To follow on our previous blog, I decided to post a recipe for those who are vegetarian.   Here's the most perfect recipe for you.  It's healthy, delicious and comforting.

Lentil Dip

Ingredients:
1 tablespoon vegetable oil
1 small onion – finely diced
1 cup of dry lentils – cleaned and washed
¼ teaspoon turmeric
3 oz tomato paste
1 ½ teaspoon sea salt
¼ teaspoon fresh ground pepper
3.5 cups of water
2 tablespoon fresh squeezed lemon juice
1/8 teaspoon saffron powder
1 tablespoon chopped fresh parsley (for garnish)

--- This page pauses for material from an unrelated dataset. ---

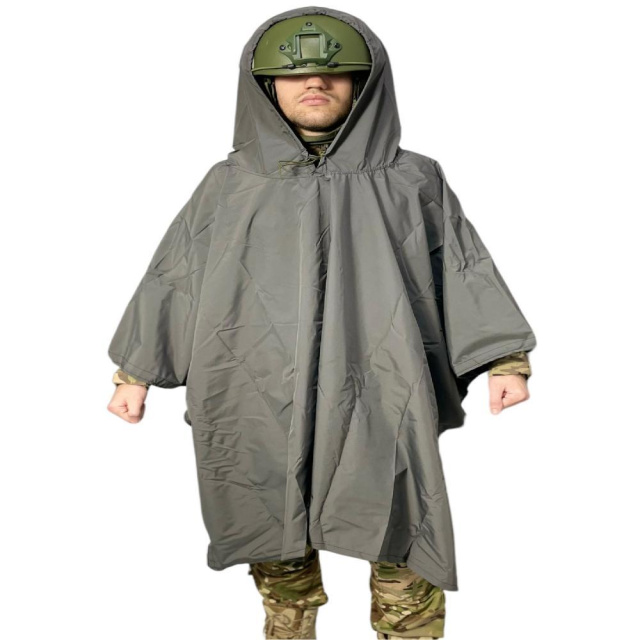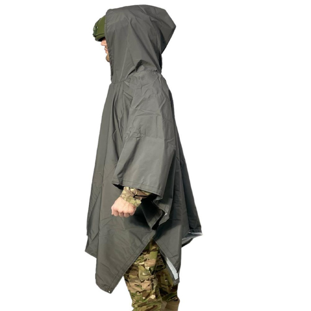 Изделие надежно защищает не только тело бойца, но и его экипировку и снаряжение, в том числе оружие, рюкзак и т.д. Благодаря широкому крою совершенно не сковывает движения, обеспечивает быстрый переход в позицию ведения огня. Представленный плащ-палатка имеет широкий глубокий капюшон, полностью покрывающий голову со шлемом. Для более комфортного использования на капюшоне предусмотрены прорезиненные жгуты с фиксаторами.

In a medium sauce pan, heat the oil and sauté the onions over medium heat for about 10 minutes or until they are slightly golden - stirring occasionally.  Add the washed lentils and mix well until they start looking glossy.  Add the turmeric and mix well until the lentils and onion are coated.  Add the tomato paste and mix well.  Add water and mix well.  Put the lid on and bring to a boil.  Add salt and pepper.  Then let it simmer for about 2 hours over low heat with the lid on until the lentils are well cooked and the fluid is mostly evaporated (if the lentils are not cooked and the liquid is gone, add more water and allow to cook longer).  Add lemon juice and saffron powder and mix well.  Serve hot or at room temperature.

For garnish, you can chop some fresh parsley and add a tablespoon on top.

I served this dip with home-made Lavash chips.

Lavash Chips

Preheat oven at 350 degrees.  Cut a sheet of Lavash into small pieces.  Layer them on the baking sheet.  Leave in oven for 8 minutes until they are dehydrated and slightly golden.  Serve with your desired dip.

 Lentil Dip with Lavash Chips

Enjoy and have a wonderful Super Bowl weekend.  Go Giants!